*Exercise prompt*: Return the lines of the material below exactly, beginning with the line that has "Betty Ford and" in it and finishing with the line that has "Kreatívna mikina, ktorú" in it. Leave all pictures aside.

*Exercise input*:
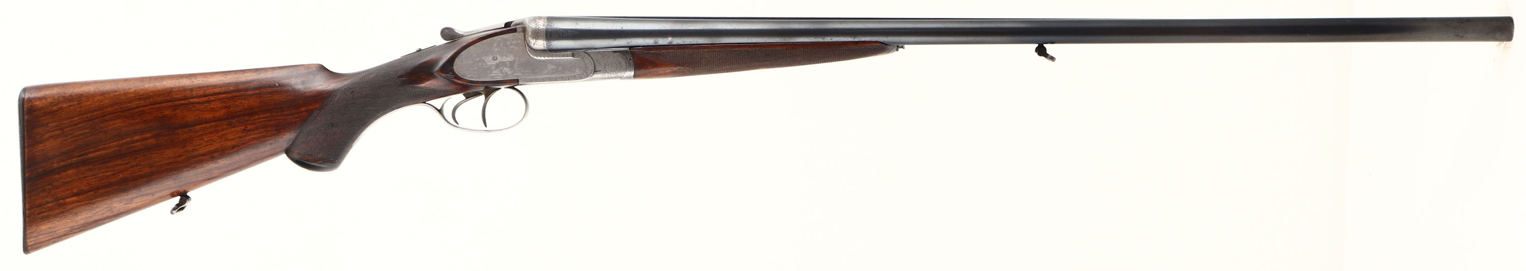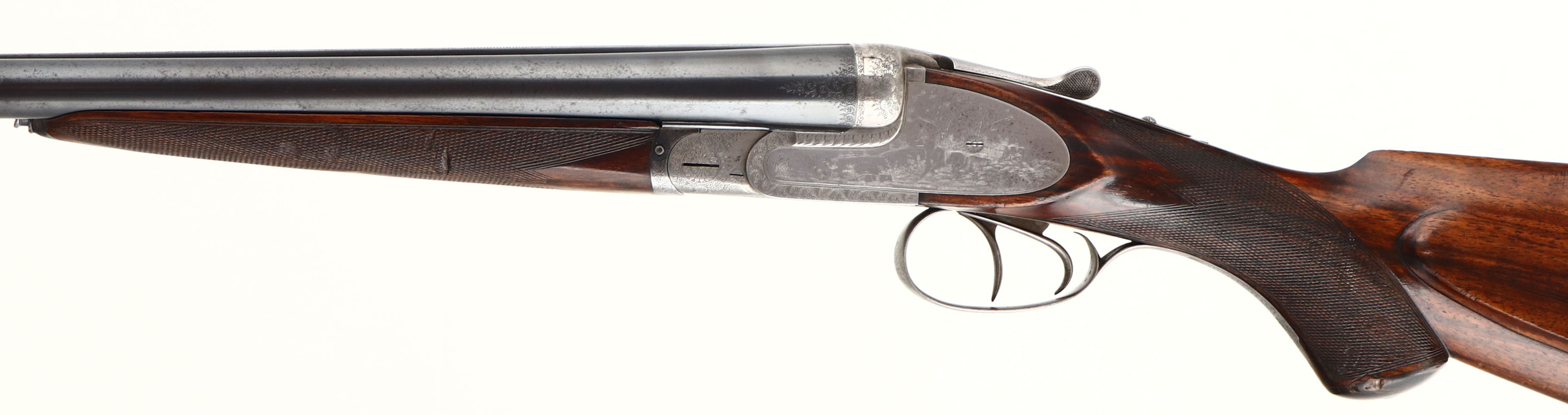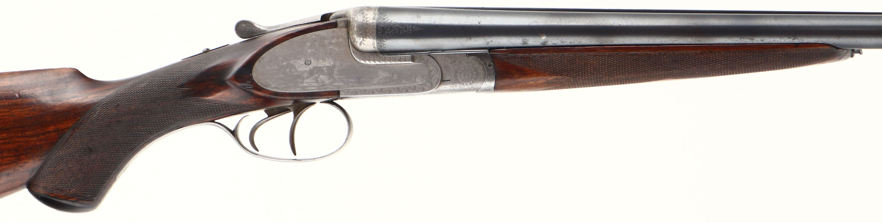 J. Nowotny SxS Shotgun, CAL: 16 GA, MFG: N/A, SN: 15909, Break Action Shotgun, 28 3/8'' barrels. The top of the barrels read, in crude writing ''J. NOWOTNY'' & ''PRAHA C.S.R''. The original checkered, beaded cheek & capped pistol grip wood stocks are excellent, as partially lightly sanded or cleaned & carrying an added layer of finish over the original finish. The metal blue finish on the barrels rates 90% overall, with some rust speckling. The receiver & trigger guard are silver finished, with a thin aged dullness. The receiver is beautifully engraved with ornamental scroll work & game scenes. On the left side of the receiver there's a dog & quail game scene, on the right a dog & pheasant game scene. on the bottom a bull elk & on the trigger guard a perched turkey. All of these game scenes & vignettes are accompanied by intricate ornamental scroll work. Bores are excellent, with some striations. The solid matted rib holds a single front bead. Buttstock carries a grooved plastic buttplate. The pistol grip cap has a couple minor edge chips. Sling loops present. A finely crafted SxS shotgun. FFL or C&R Req. - Value: 1000 to 2000
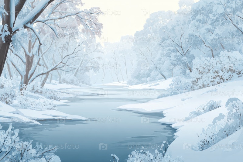 Безмятежный зимний ландшафт с спокойной рекой, извивающейся по снежному лесу, со замёрзшими деревьями и нежными холмами создает мирную атмосферу, приглашая к размышлениям и спокойствию
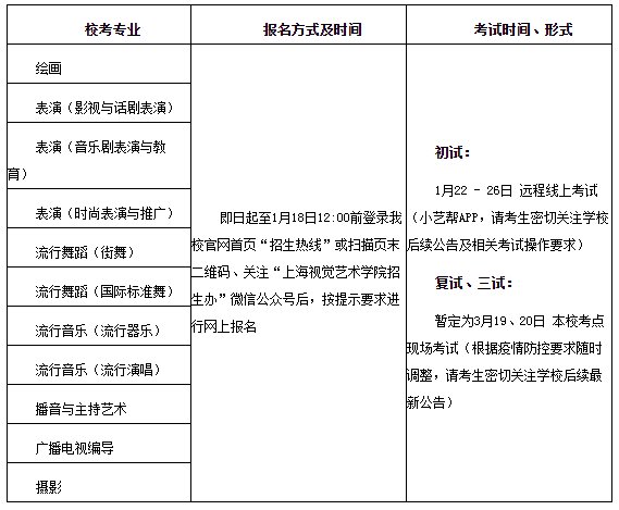 参加我校校考的考生,须在符合各省(市)相关招考规定的基础上,依照我校规定进行报名和考试。我校相关专业在各省(市)的艺术类专业省级统考要求,请参考学校官网公布的《上海视觉艺术学院2022年各省级统考子科类对照表》(点击查阅)。如后续因疫情等原因,考生所在省(市)统考科类有所调整,请以各省(市)考试院最终要求为准。
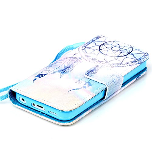 Isaken - Custodia a portafoglio per iPhone 4 e 4S, elegante disegno stampato, in ecopelle, con fessure per carte di credito, chiusura magnetica e funzione supporto, include una pellicola protettiva, Simil pelle, Light Purple Dreamcatcher, Apple iPhone 5C
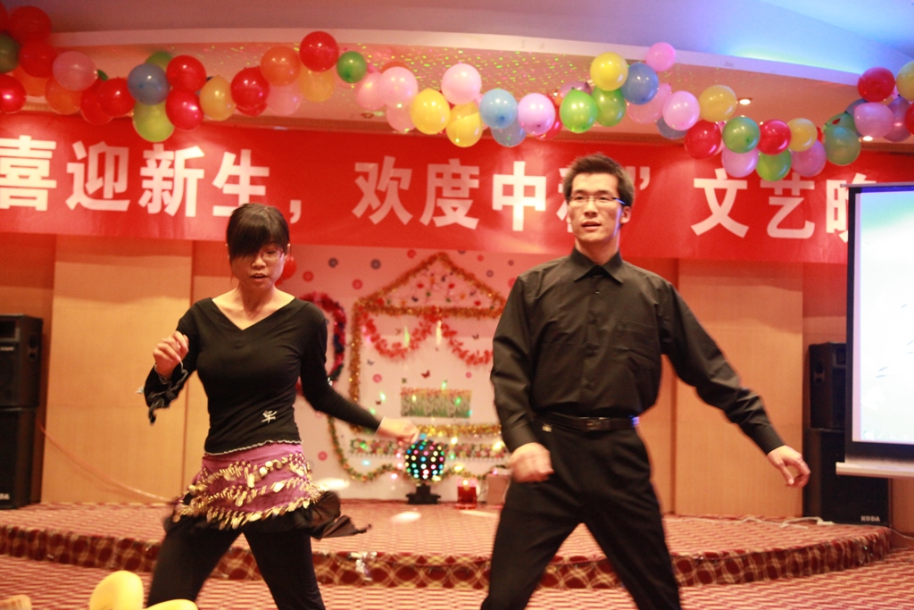 随后一曲高亢激昂的合唱《国家》开启了联欢会的序幕。舞蹈、器乐演奏、小品、相声……一个个节目精彩纷呈,联欢会现场笑声、喝彩声不断。由12名新生身着用彩色宣纸和塑料袋精心设计、编织的时装表演的时装秀让观众大开眼界,体现了煤化学子建设低碳生活的别出心裁。相声《你要折腾》紧密结合科研生活,既令人开怀又发人深省。手语表演《爱在心中》,诠释着爱在心中,和谐处处洋溢的理念,使联欢会主题得到了升华。
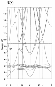 Известно, что для металлов с валентностью 2 поверхность Ферми пересекает границы зоны Бриллюэна. Это означает, что первая зона заполнена не полностью, и у границ зоны Бриллюэна имеется область свободных состояний или дырок, а во второй зоне имеются занятые состояния у границ первой зоны [4]. В этом случае вклад в дифференциальную термо-ЭДС вносят электроны и дырки, и его значение описывается в рамках двухзонной электронной модели соотношением [5]:
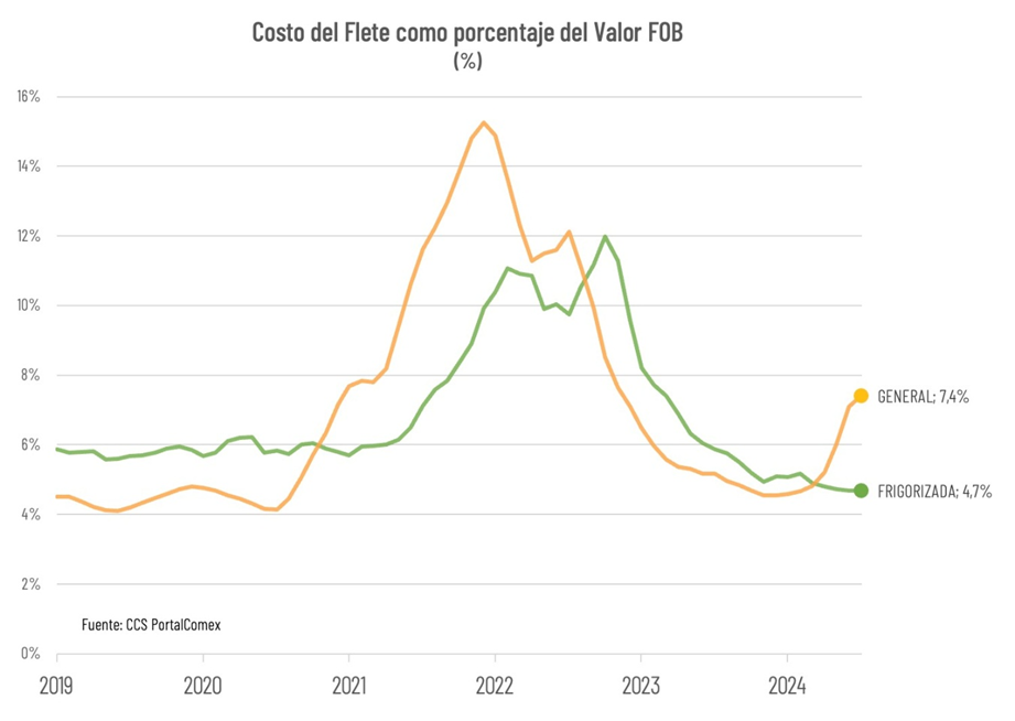 Luego de un extenso período de normalización en los costos del transporte internacional, que se materializó principalmente en el año 2023, durante 2024 se observó un quiebre de dicha tendencia a través de un rebrote de presiones alcistas, que hicieron subir en un 85% el costo promedio de los fletes marítimos de importación.
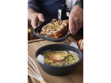 Den firkantede silikoneform passer perfekt i din airfryer. Du undgår klistrede og fastbrændte madrester i airfryeren, og silikoneformen er nem at vaske i hånden eller i opvaskemaskinenLæs mere om produktet
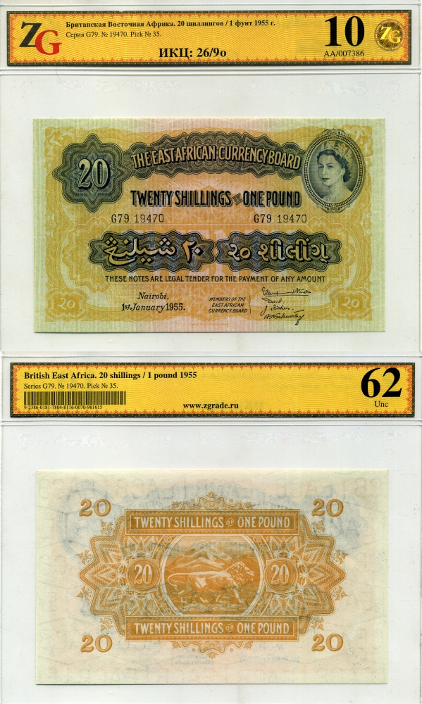 БРИТАНСКАЯ ВОСТОЧНАЯ АФРИКА 20 ШИЛЛИНГОВ = 1 ФУНТ 1955 1 ЯНВАРЯ 1955, ЕЛИЗАВЕТА II (1952-), в холдере компании ZG. Сохранность - 10 Pick 35 бумага UNC (ПРЕСС) 000-000-00
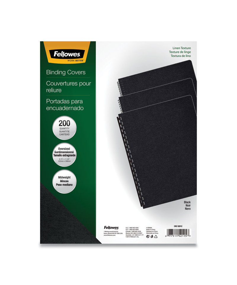 Fellowes® Expressions Linen Binding Covers give a professional look and feel to any document. Premium 65-lb covers with linen-textured finish add a professional look and feel to any document. Un-punched covers easily adapt to any binding system. Not for use with thermal-binding systems. Use at home, or in the home office, school, churches or anywhere else you can think, to organize all of your important documents. Recyclable.
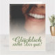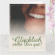 ¡Glücklich steht Dir gut! Kompliment Karte mit lachendem Frauengesicht und handschriftlichen Grüßen auf der Vorderseite der Karte. Restliche Flächen stehen zur freien Verfügung.
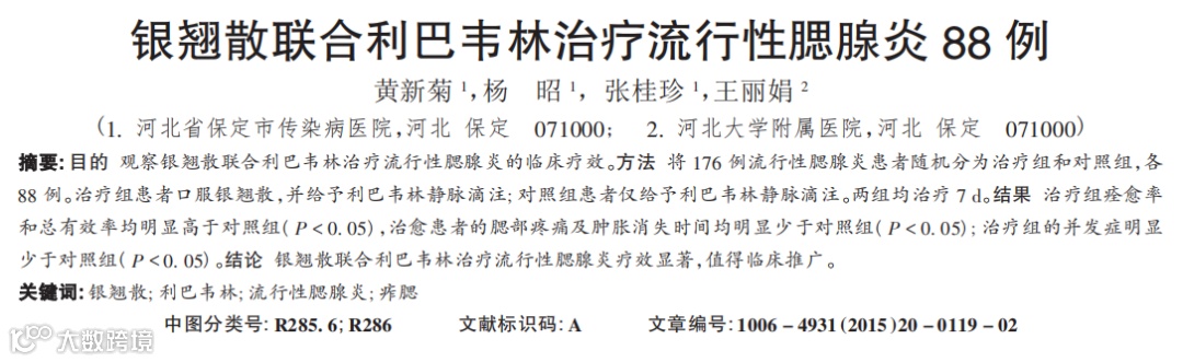 [14]黄新菊,杨昭,张桂珍,等·银翘散联合利巴韦林治疗流行性腮腺炎88例[J].中国药业,2015,24(20):119-120.
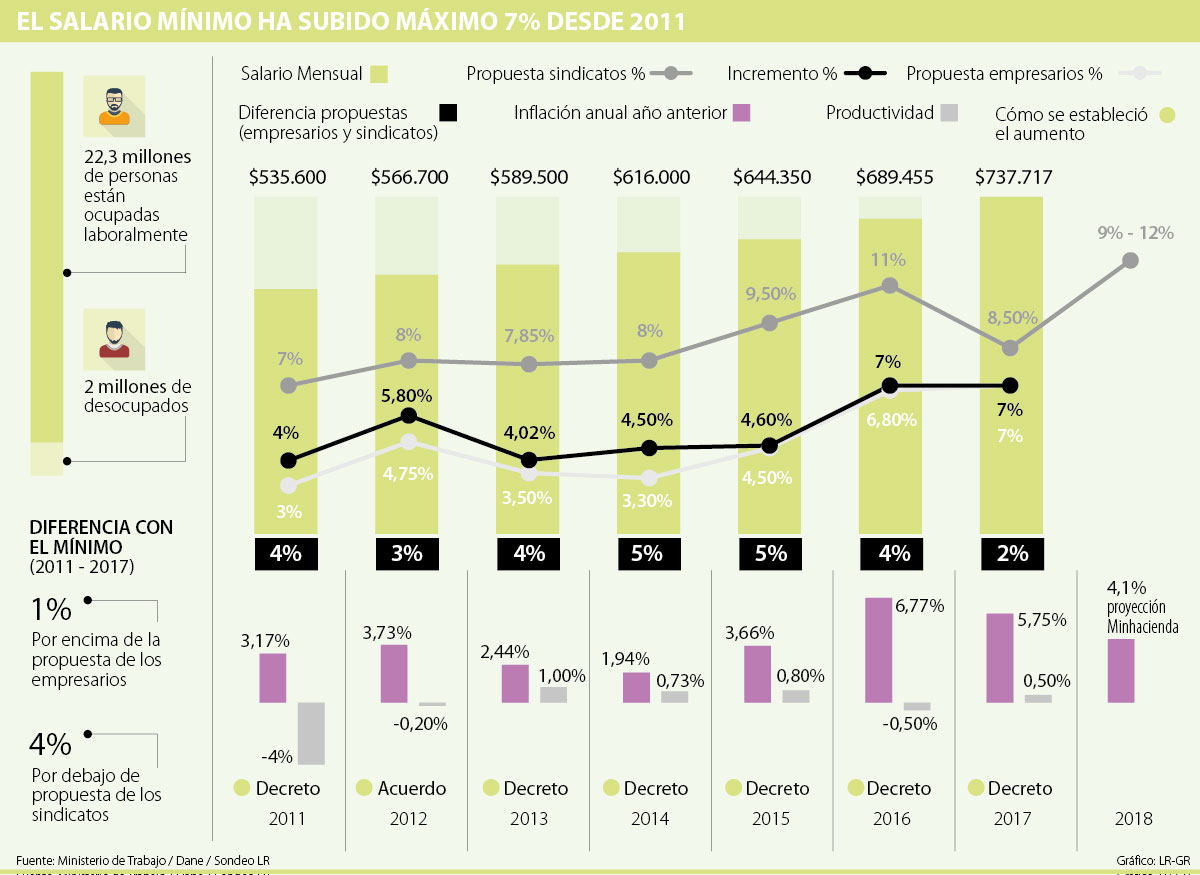 Mientras la discusión avanza, LR detalló las propuestas en los últimos siete años (2011-2017), así como el incremento del salario que se fijó y la inflación. La conclusión es que desde 2011, la definición del mínimo que se ha llevado a cabo en el Gobierno de Juan Manuel Santos ha estado más cerca de lo que han propuesto los gremios, que de la cifra de los sindicatos.
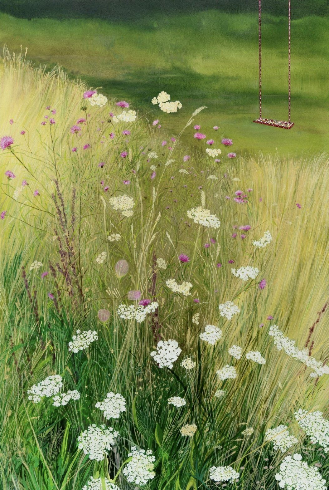 Agnes Sheikh, Fragility - Since April 2020, a swing has appeared in my work - lonely, still, or in motion. Acting as a form of meditation and catharsis, the swing allows me to release negativity, leading to emotional restoration and renewal. In this particular painting, close-up perspective of natural world, flowers highlight the theme of fragility and ephemerality. Contrasting with this theme and using fancy stones for my swing, I wanted to create a piece of jewelry, offering strength and considered as a talisman, a protection for me and my fragilities. “Fragility” celebrates the different feelings we carry in, the tiny frontiere between security and uncertainty, anxiety and serenity, chaos and peace and the constant search for balance.
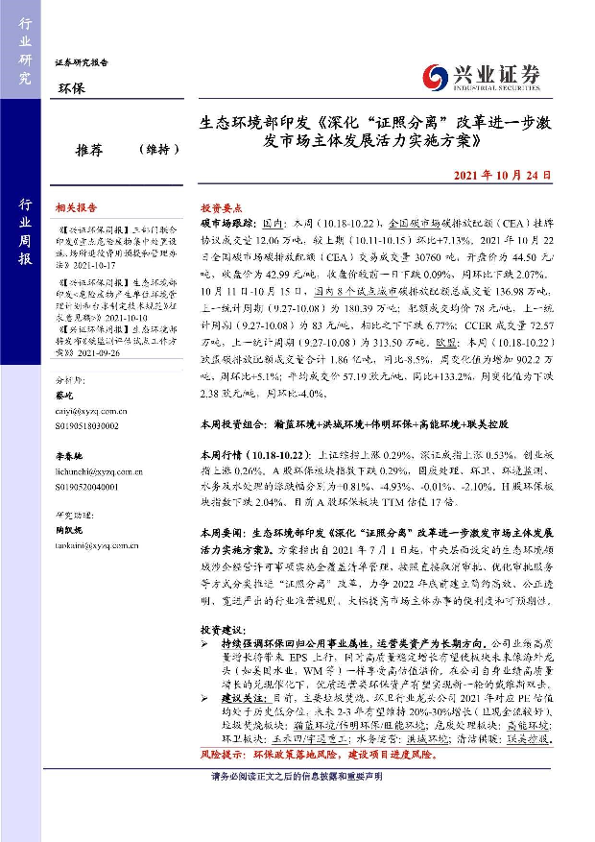 【兴业证券】【20211024】环保行业周报:生态环境部印发《深化“证照分离”改革进一步激发市场主体发展活力实施方案》-11页
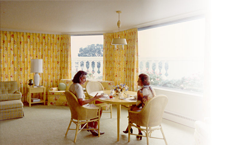 Betty Ford and Happy Rockefeller in the Solarium in 1975. |
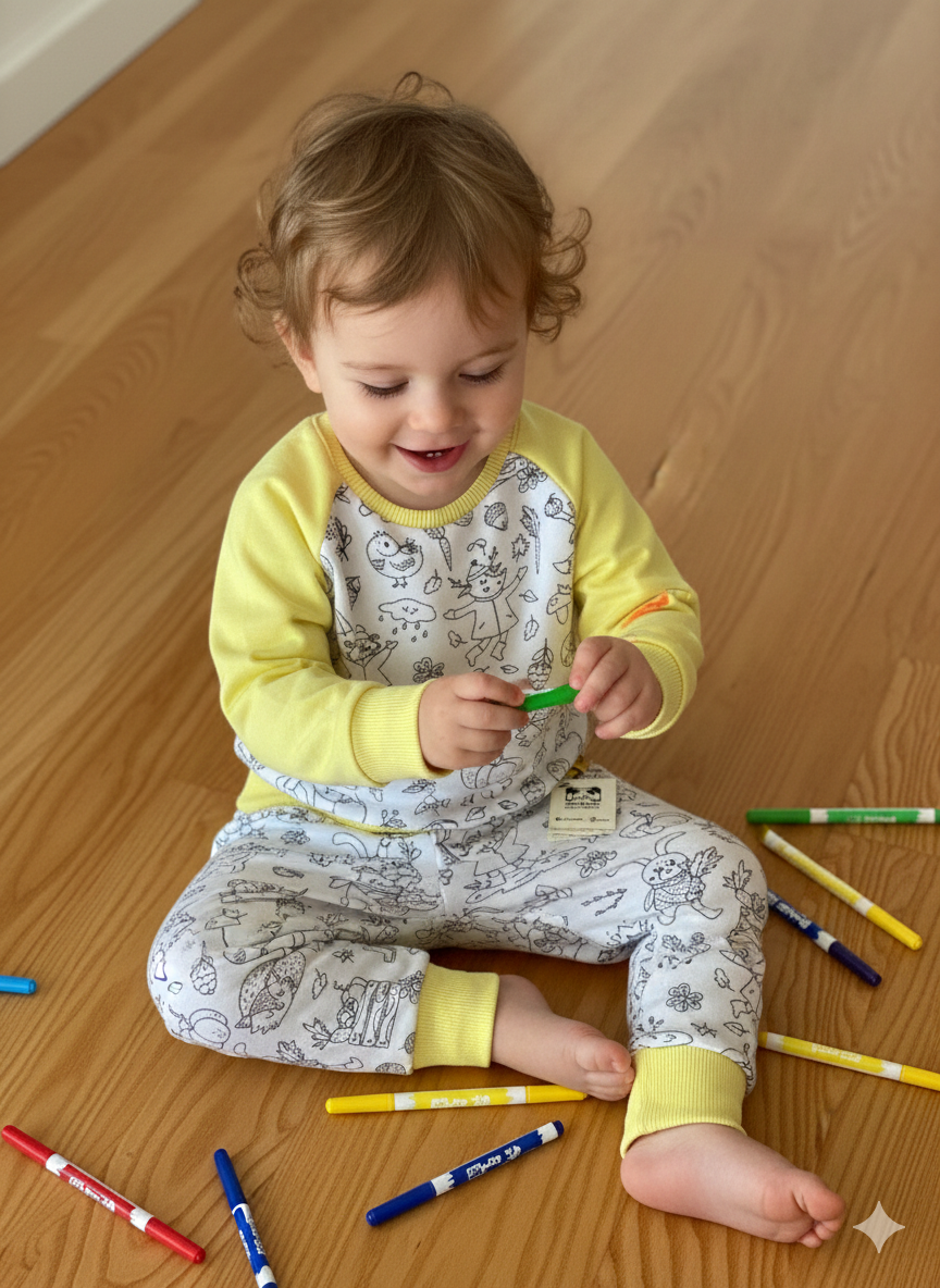 Kreatívna mikina, ktorú si dieťatko zamiluje. Jednoduchý strih a kvalitný materiál zaručí veľkú spokojnosť. Mikinku je možné vyfarbiť fixkami na textil. Buď sú vyprateľné alebo trvácne. Máme v ponuke aj tepláčiky.
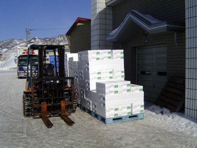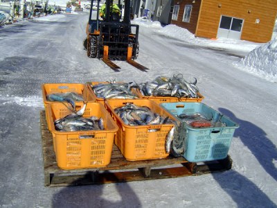出荷:箱詰めされたニシンはきれいに段積みされて消費地市場への発送を待っています。

*Result of the exercise*:
 Betty Ford and Happy Rockefeller in the Solarium in 1975. |
 Kreatívna mikina, ktorú si dieťatko zamiluje. Jednoduchý strih a kvalitný materiál zaručí veľkú spokojnosť. Mikinku je možné vyfarbiť fixkami na textil. Buď sú vyprateľné alebo trvácne. Máme v ponuke aj tepláčiky.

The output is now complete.